The general procedure in connection with the selection of the workers and the carrying on of the work and payment therefor was about as follows: The I. E. R. A. appointed a local director of relief, a local case worker, and a local work relief engineer who also acted as assignment officer. The cases of persons seeking work relief were investigated by the ease worker, reported to the local director of relief, and certified by the local director of relief, on a form designated as “assignment requisition”, as eligible to a certain amount in dollars and cents of work relief per month. This assignment requisition was presented to the local work relief engineer and assignment officer, who assigned the relief worker to a certain number of hours work upon certain designated days at the rate of 40 cents per hour (the total hours at the rate per hour making up the total in dollars and cents of the monthly relief), and directed him to the portion of the project on which he was to work under a certain foreman. The local county engineer had general supervision of the work in conjunction with the work relief engineer appointed by the I. E. R. A. and the work was done under the direct supervision of a foreman, and both the county engineer and the foreman were employed by and paid by the county. A daily time sheet was made out by the foreman, and from these daily time sheets a payroll was made out. From this payroll checks were made out in the office of the I. E. R. A. at Des Moines. These checks were signed by the governor, were drawn upon the account of the I. E. R. A. in the bank at Des Moines, and were then sent to the office of the county engineer for distribution.
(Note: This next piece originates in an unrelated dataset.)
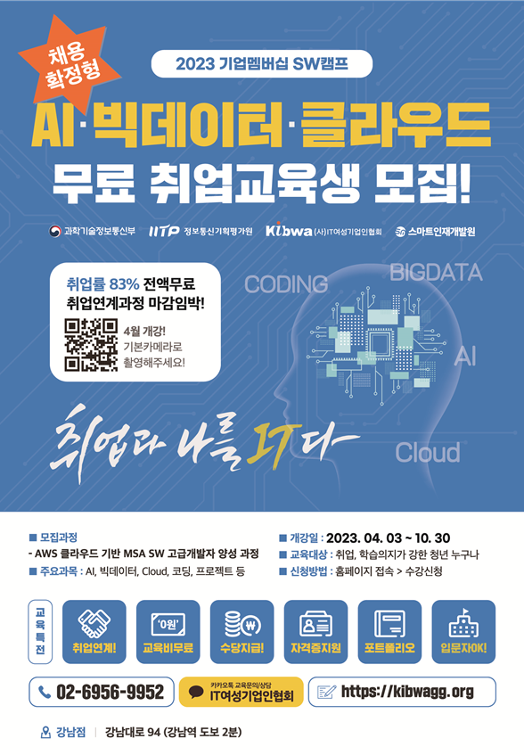 ● 주최/주관 - 과학기술정보통신부, 정보통신기획평가원, (사)IT여성기업인협회, (사)스마트인재개발원 ● 지원자격 - 취업을 희망하는 의지가 있는 청년 누구나 가능 ● 기간 및 일정 - 신청서 접수 : 2023년 3월 20일 (월)까지 - 개 강 일: 2023년 3월 20일(예정) - 교육기간: 2023년 3월 20일 \~ 10월 30일(총 1280시간) * 기업연계 인턴십 1개월 포함
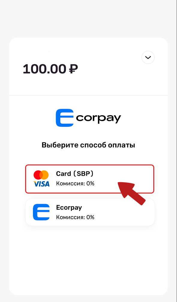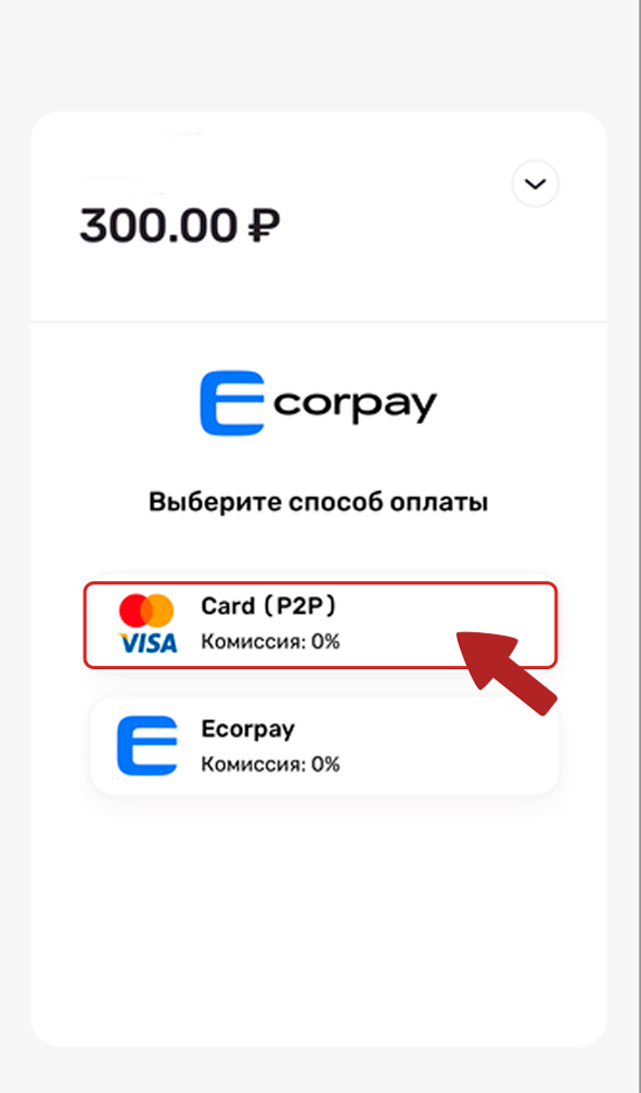 2. На странице оплаты, выберите оплату картой (например Р2Р, в зависимости от платежного метода)

In the instant case, it appears that the claimant, Arthur Oswalt, had been receiving relief from Lucas county at different intervals from the 14th day of March, 1934,' which was prior to the time work began upon the Lucas county project, and that after work began on this project he continued to receive such relief. The report of the county worker, H. M. Newell, shows that on December 4,1934, his order for work relief was increased to $19.20 per month. On the following day, an assignment requisition was issued by Lois J. Utterback, the local director of relief *1103 for the I. E. R. A. (who was also the overseer of the poor for Lucas county), and countersigned by H. M. Newell, county worker, certifying that Oswalt was eligible to work relief in said sum of $19.20 each month until further notice. On February 1, 1935, the assignment and identification card was signed by Jake Hoeksema, resident work relief engineer and assignment officer of the I. E. R. A., fixing Oswalt’s days and hours of work during the month of February, and the rate of 40 cents per hour, making a total of $19.20 work relief for that month, and assigning him to a particular part of the work under C. B. Foster as foreman.